**TASK TO COMPLETE:** Your reply should reproduce each entry exactly and contain no pictures.

**DATA PROVIDED:**
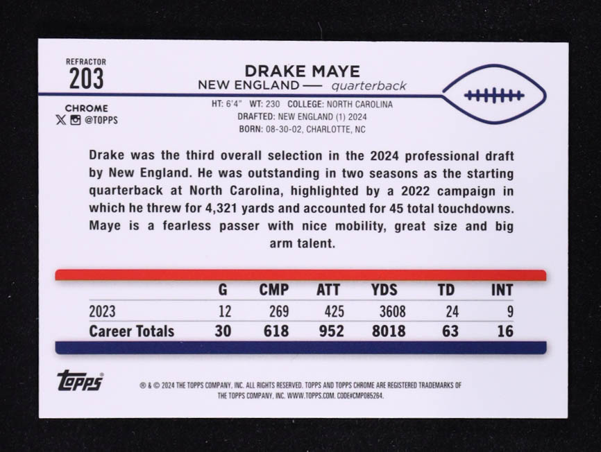 Drake Maye 2024 Topps Chrome Refractors #203 RC
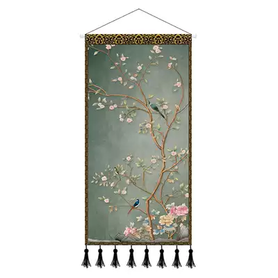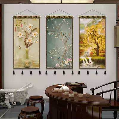 New Chinese style wind and water to make money large living room porch decoration hanging painting study tapestry Chinese background wall hanging cloth
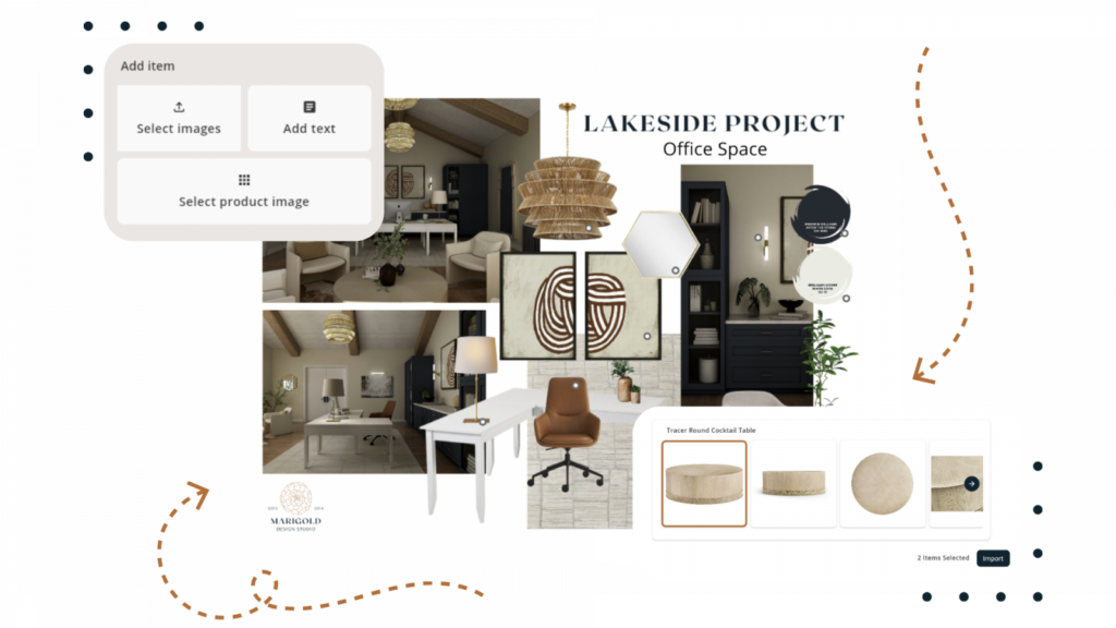 - Design Board Creation and Sharing: Present your design vision through polished mood boards that help clients give clear, confident feedback.
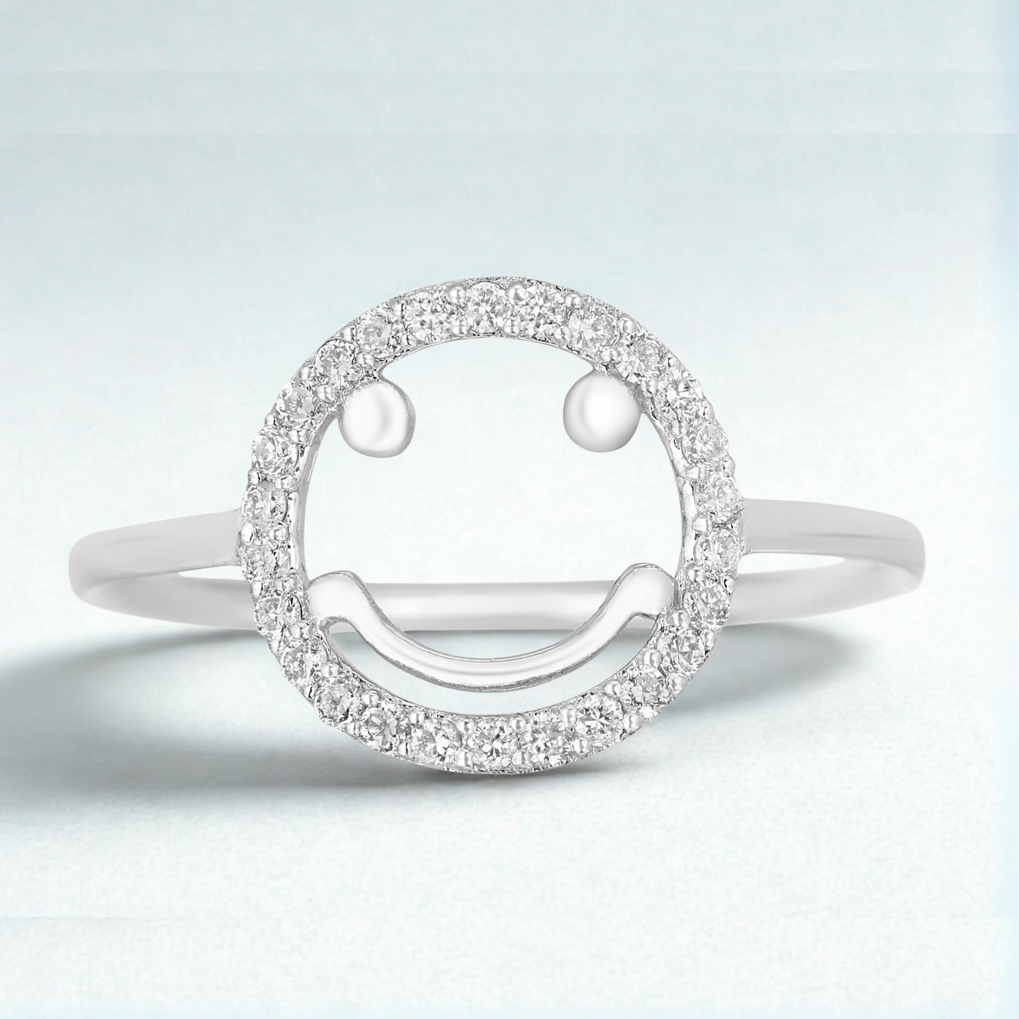 Smiley Diamond Ring, 14k Solid Gold, Natural Diamonds, Emoji Friendship Ring, Everyday Stackable Jewelry, Ready To Ship
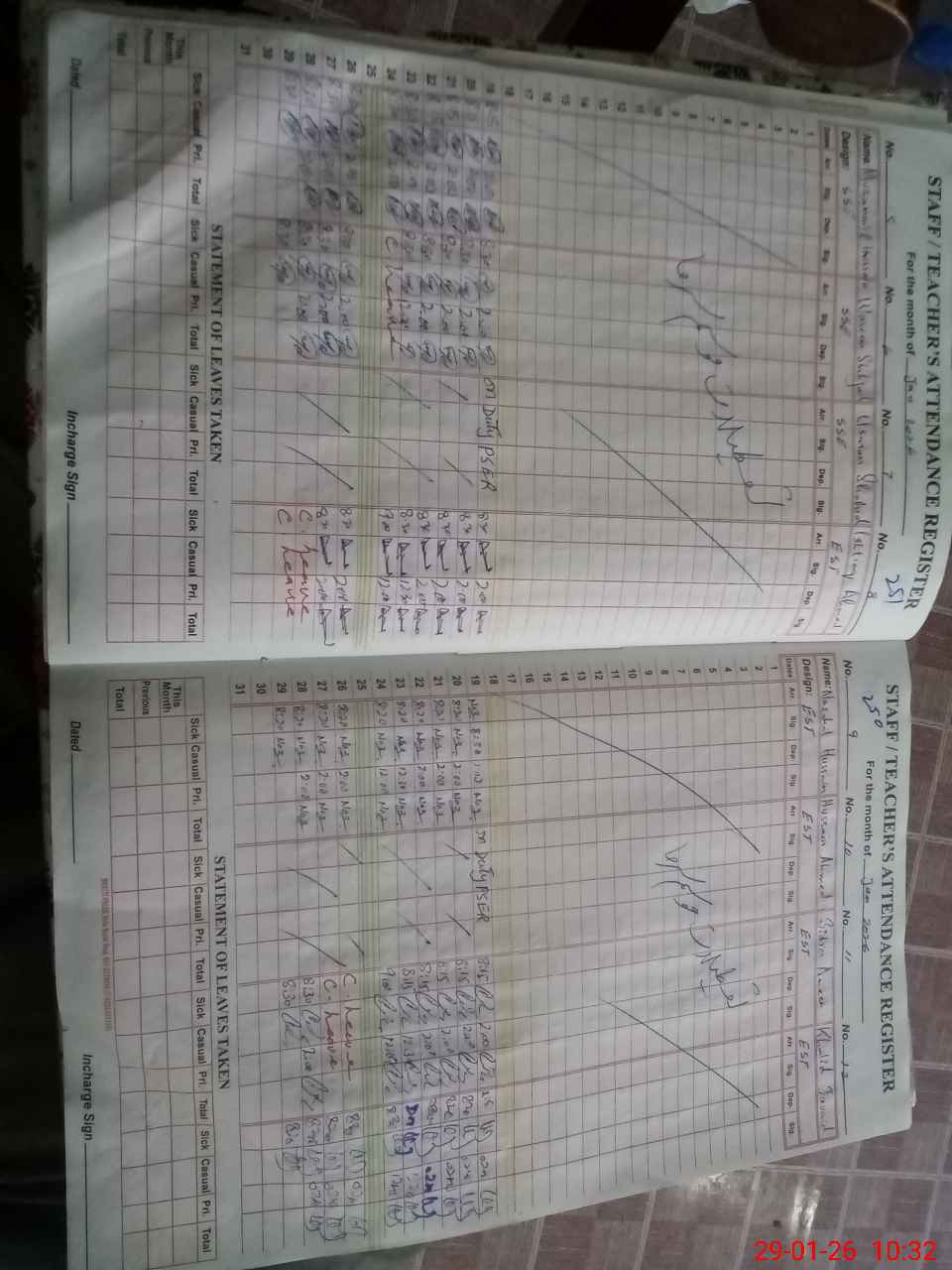 | CNIC | Full Name | Designation | R/C | Absence During Last Calender Month |

**TASK SOLUTION:**
 Drake Maye 2024 Topps Chrome Refractors #203 RC
 New Chinese style wind and water to make money large living room porch decoration hanging painting study tapestry Chinese background wall hanging cloth
 - Design Board Creation and Sharing: Present your design vision through polished mood boards that help clients give clear, confident feedback.
 Smiley Diamond Ring, 14k Solid Gold, Natural Diamonds, Emoji Friendship Ring, Everyday Stackable Jewelry, Ready To Ship
 | CNIC | Full Name | Designation | R/C | Absence During Last Calender Month |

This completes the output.